Wills and Estate Plans

Estate plans aren’t just for rich people. Despite the fact that an estate plan is simply a legal plan defining what to do with you and your property in case your are incapacitated, the myth persists that the only people who need them are the wealthy. 

In the real world, where the wealthy are not the only people who own cars, homes, jewelry, or even financial investments, estate plans are as important for everyday people as anyone else.

What is an estate plan?

An estate plan is a set of legal instructions for what to do with your estate in the case that you can no longer express your desires, and the word “estate” simply refers to anything that you own. One common misunderstanding is that you don’t need to be dead in order for an estate plan to activate. As long as you are incapacitated to the point that you cannot communicate, you need an estate plan to speak for you. 

For example, if you got in a car wreck and were not able to speak, your estate plan would clarify to the doctors who could decide how you want to be treated, and it could allow someone to access any funds that may be required for your treatment. Or, in the event of your death, you estate plan would express to whom you want your assets to go. This can be especially important if you separated from a spouse without legally divorcing them, as the default rule in the state of Alabama is for all of your possessions to go to your spouse. Many people who have not taken this precaution find that someone they have not seen in twenty years is legally entitled to all that they own, and their actual family and loved ones are left with nothing.

What is the difference between an estate plan and a will?

People commonly confused estate plans and wills, and they aren’t entirely wrong to do so. A will is simply one ingredient of an estate plan. It dictates what will be done with your possessions after you die. The only difference between a will and an estate plan is that “estate plan” is a blanket plan for multiple different documents, each of which address different aspects of your estate.

So what are the different parts of an estate plan?
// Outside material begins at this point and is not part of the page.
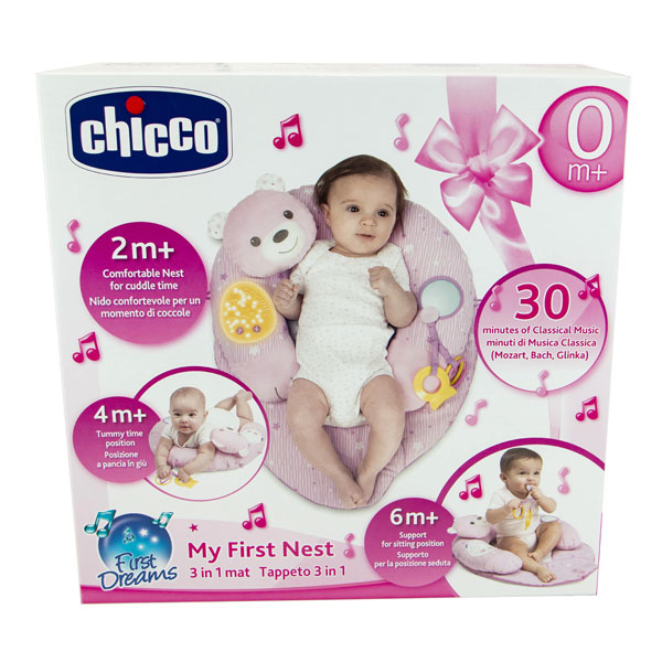 Chicco My first Nest is perfect for baby. This playmat is diverse keeping baby relaxed or even entertained. Baby's playmat allows your little one to relax peacefully during various phases of growth with 3 rest positions:

Will: The most commonly known part of an estate plan is a will. As discussed previously, it simply dictates what should be done with your possessions after you die. Do you want that old family heirloom to go to your brother or to your son? Do you want your late mother’s jewelry to go to your daughter or you 

Power of Attorney: Power of Attorney is a phrase used to refer to the ability of a person to handle your finances for you in certain situations. For example, if you are bedridden and have to take money out of your bank account, how would you do it? You cannot go to the bank yourself, and yet the bank will not give money from your account to anyone other than you. The solution is to have a power of attorney which gives a specific person, such as a spouse or a relative, the ability handle your finances and business related tasks for you. In another situation, maybe you are in a coma or are unable to communicate, but your bank account must be accessed to pay a mortgage, a car payment, or hospital bills. For this, you would need to give someone in your life the power of attorney to do so. 
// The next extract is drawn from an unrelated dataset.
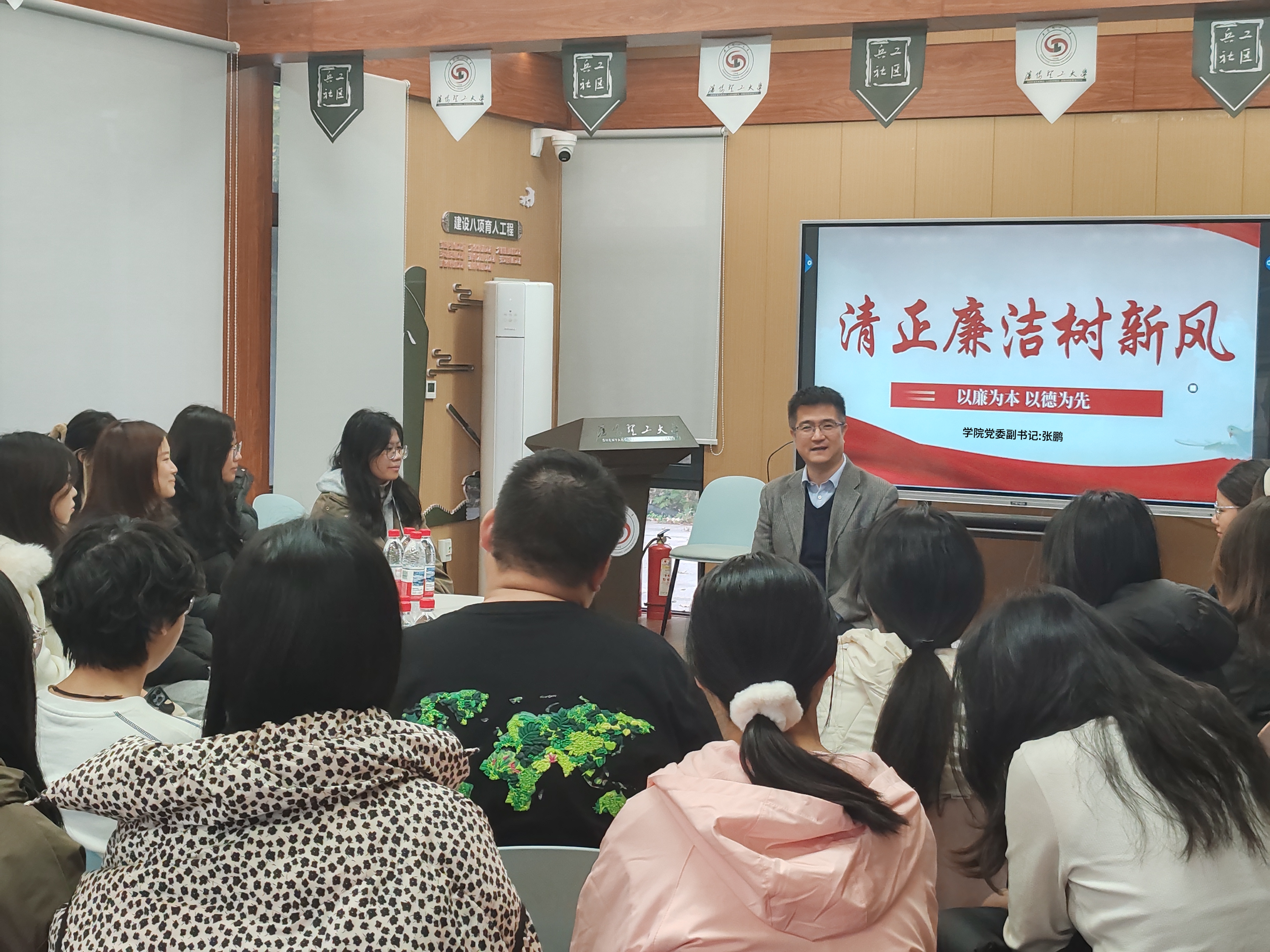 活动现场,学院党委副书记张鹏围绕“清正廉洁树新风”主题开讲,以“以廉为本 以德为先”为核心,结合青年成长实际,通过典型案例强调廉洁自律是青年扣好人生“第一粒扣子”的关键,号召学生从校园点滴做起,树立正确价值观、坚守底线。现场还设置互动交流环节,引导学生思考廉洁对个人与社会的意义。此次活动采用“理论宣讲+互动感悟”形式,为学生带来生动的廉政教育课,助力其在思想根源上筑牢“不想腐”防线,注入廉洁正能量。

Healthcare Directive: A healthcare directive is a legal document which gives the ability to make decisions about your medical treatment in the case that you are not able to. For example, if you get in car crash and are thrown into a coma, there are actually many important questions regarding your treatment that doctors need to have answered in order to treat you appropriately. Who will answer those questions for them? Your healthcare directive will express your opinions for you, and it will give the authority to a single person to answer questions which are not addressed in the document itself.

What is the advantage of having an estate plan?

The advantage of making an estate plan lies in the fact that our lives almost never look the way that the law thinks they look. If you die or are injured and do not have a will, then the law of the state you live in will choose what to do with your car, your home, or any family heirlooms. In most cases, that means they will go to your closing living relative. This could be your spouse, your parents, your siblings, children, cousins, or an aunt or uncle. In countless life circumstances, these people could be the furthest thing from who you would want to keep everything you own after you die, or decide whether or not to keep you alive in a coma. You could be legally married to someone from whom you have long since separated. You could be estranged from your immediate family, or simply want a close friend to make those decisions over anyone else. Without an estate plan, none of these desires could be expressed.

If estate plans are so important, why does’t everyone have them?

The short answer is: many people do. But those who don’t think to themselves, “I don’t have anything that I care too much about anyway, so I don’t care where it goes when I die.” About this, individuals are often wrong. 

It is as easy to forget that there are things we own which mean the world to us as it is to neglect the fact that things which seem totally mundane have significant value. It could be a family heirloom that was handed down from your grandparents. It could even be your car or your home, which you have gotten so used to that you forgot that they even needed to be dealt with after your death. 

No matter what it is, it almost always is the case that you own things which are valuable, which you care about, and which you would prefer go to the right person upon your death. The tendency to neglect some of the most important parts about our lives because we are caught up.